Comedy is discomfort. It is about something bad happening to someone else.
Slapstick is comedy about physical pain and, occasionally, death. ("And now we see the importance of Not Being Seen.")
A lot of teen comedies are about the characters being embarrassed or scared.
A lot of grown-up comedies are about characters doing things for which they should
be embarrassed, but aren't, so we're embarrassed for them. (E.g. the Marx Brothers, THE OFFICE, SEINFELD, ROSANNE, Mr. Bean, etc.)
I would say a lot of Woody Allen's comedy, back when he was funny, was based on frustration. The comedy in my series, NAKED JOSH, was mostly frustration. A lot of Jewish humor is based on frustration. And fear. No soup for you!
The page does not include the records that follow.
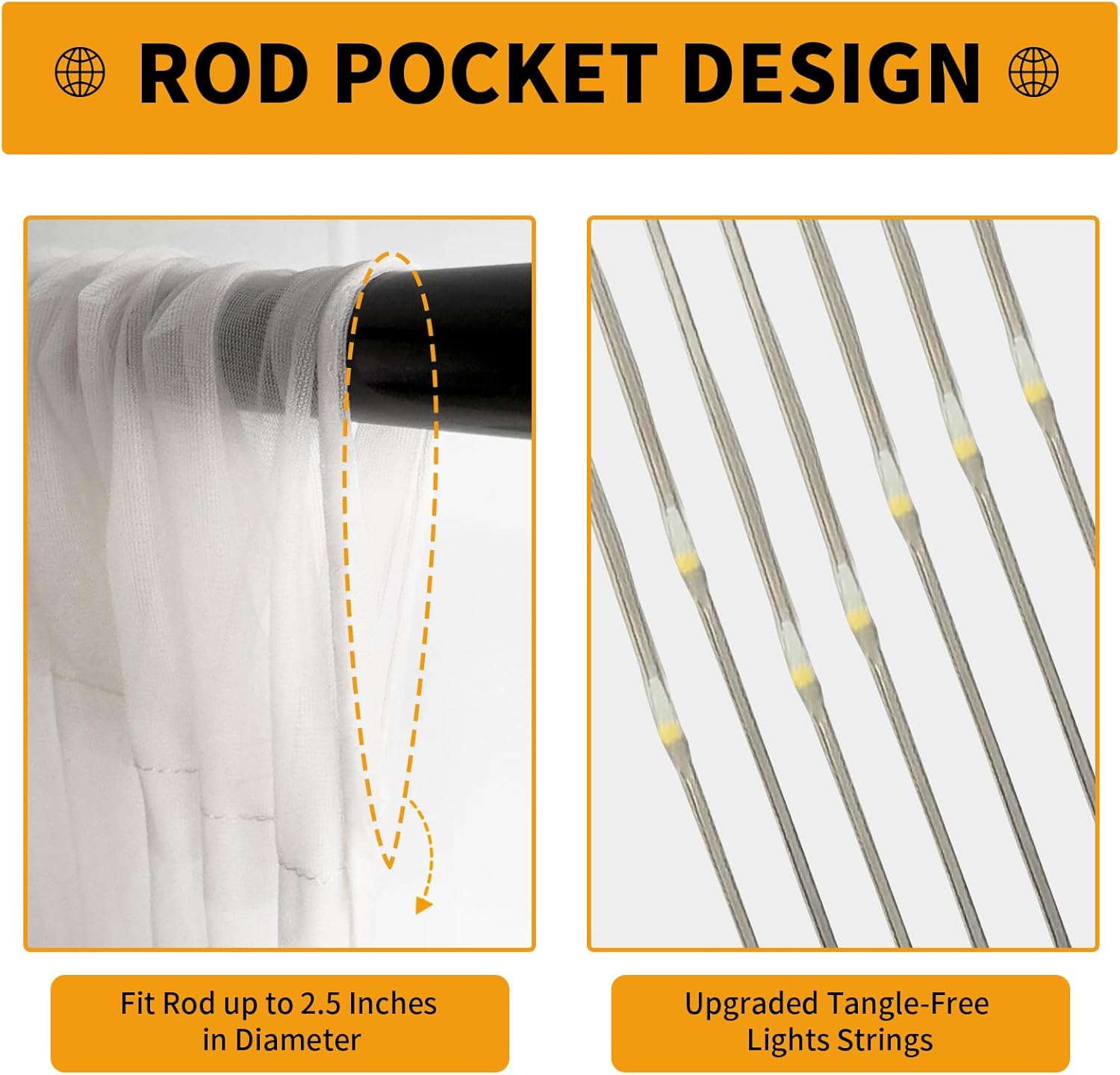 - Quick Setup in 3 Steps: 1. Hang curtains via rod pocket on any pipe/stand. 2. Attach lights using included clips before untying strands. 3. Plug USB into power bank/wall outlet – instant warm glow and choose from 8 lighting modes to create a romantic and magical atmosphere for any occasion! Tangle-free design saves 70% setup time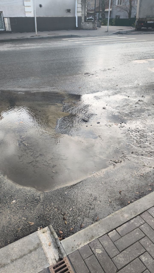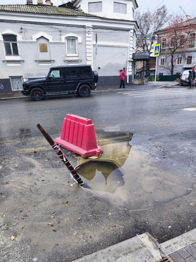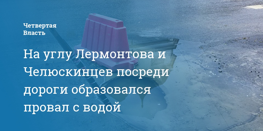 На углу Лермонтова и Челюскинцев посреди дороги образовался провал с водой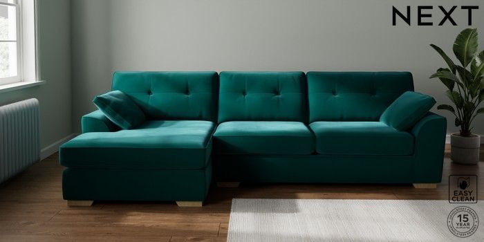 7.2.10 Buy Stamford Buttoned Back Large Sofa Chaise - Left Hand Plush Velvet Easy Clean Juniper Green Large Square Angle - Light from the Laura Ashley online shop Click here to use our website with more accessibility support, for example screen readers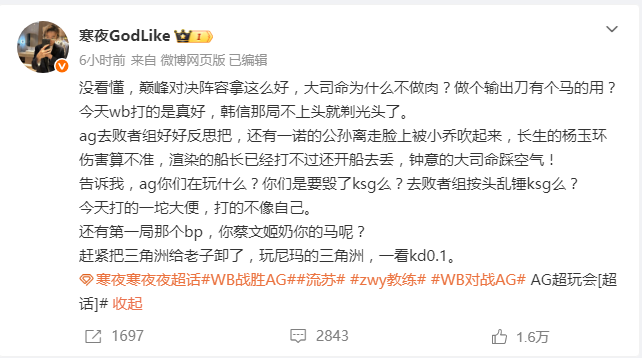AG失败,俱乐部未必在乎,觉得冠军拿的够多,只想商务挣钱,但是粉丝难受,22年,AG逐渐走出低谷,好不容易进入世冠,就在19号,被WB淘汰。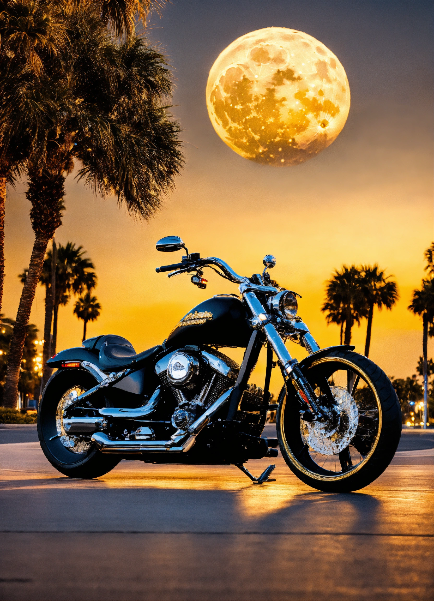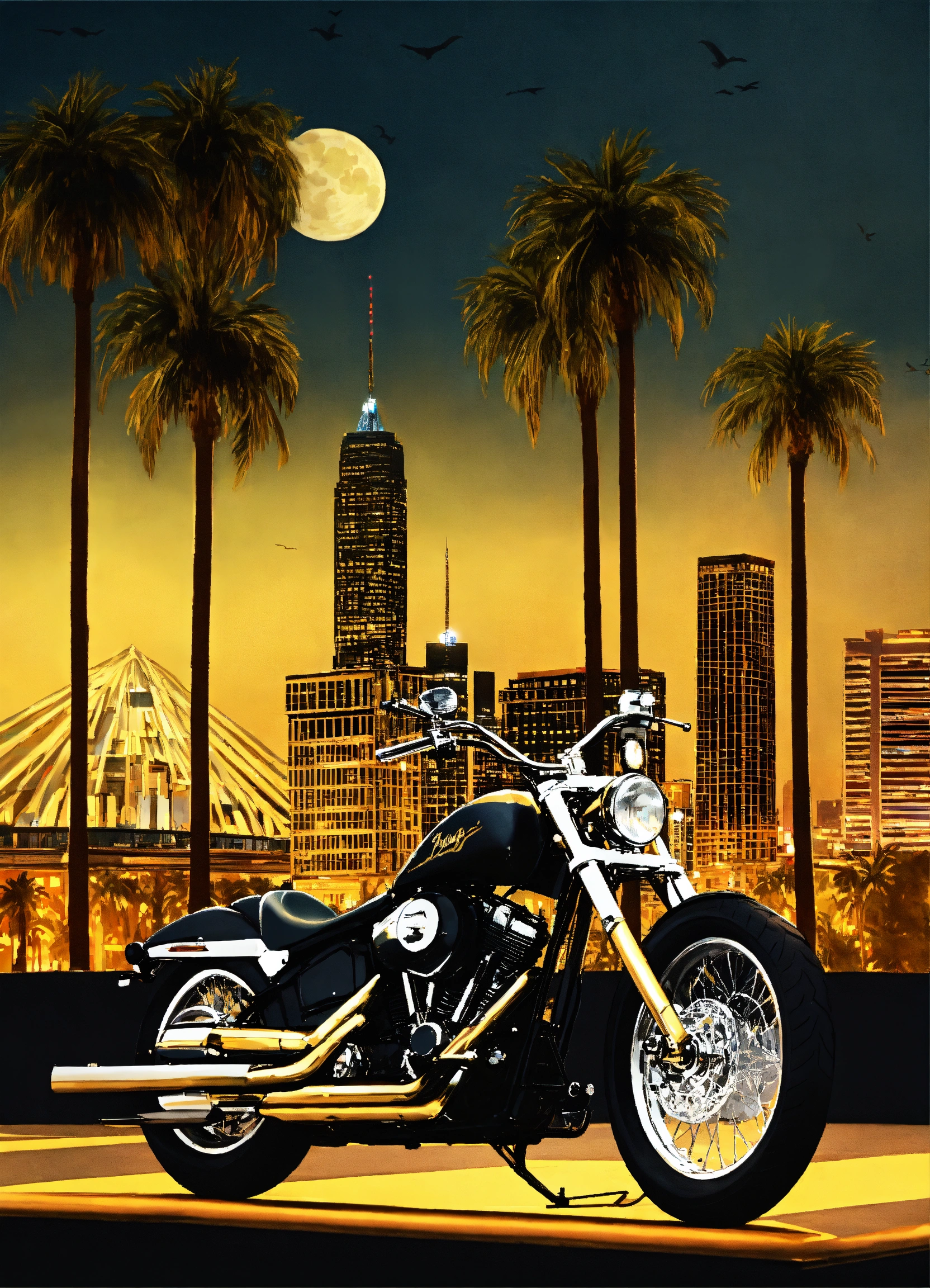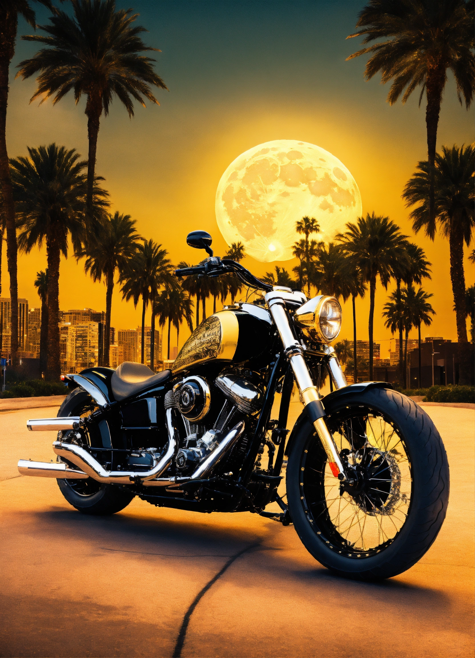 2023 arlington nuss choppers black and gold with downtown landscape and palm trees landscape and golden moonlight background

Absurdist comedy ) is really a sort of intellectual discomfort. ("We want your pollen.") Juxtapose two things that don't go together and you get absurdity. (ROMANES EUNT DOMUS!) As my six year old daughter will say, laughing, "Thaaaat's not riiiiight!"
Labels: watching tv
Which is why Canadian Sitcoms so rarely work. You're not allowed to feel or experience -- even gently -- the darkness at the core of it. So Little Mosque can't actually be about xenophobia and racism and reverse racism. The "dark heart" gets systematically sanded down and out.
Four Cdn comedies that work -- Slings & Arrows, Trailer Park Boys, Call Me Fitz, Less Than Kind -- all retain their dark hearts.
Corner Gas was dark too for all its whimsy -- a riff on the intolerance in small towns, dressed up as "not a lot going on."
I think it was Robert Heinlein in Stranger in a Strange Land that observed (through one of his character) that humor is pretty much about laughing at pain & hurt.
Carlin was great about that too.
And somewhere I remember some writer who contrasted a laugh to a sneeze. Both were explosions of the unexpected -- and the laugh comes because either it's laugh, or be consumed by horror.
via DMc re: Larry Gelbart's comments "If what you're writing is likely to neither offend nor upset someone, start over."
Hence the problem with Canadian Comedy ranging from the newest improv troupe to the the CBC.
Of course, there's the opposite problem, such as with Comedy Central sitcoms, which often seem to have no purpose other than to be offensive and cause discomfort, and as such are generally awful.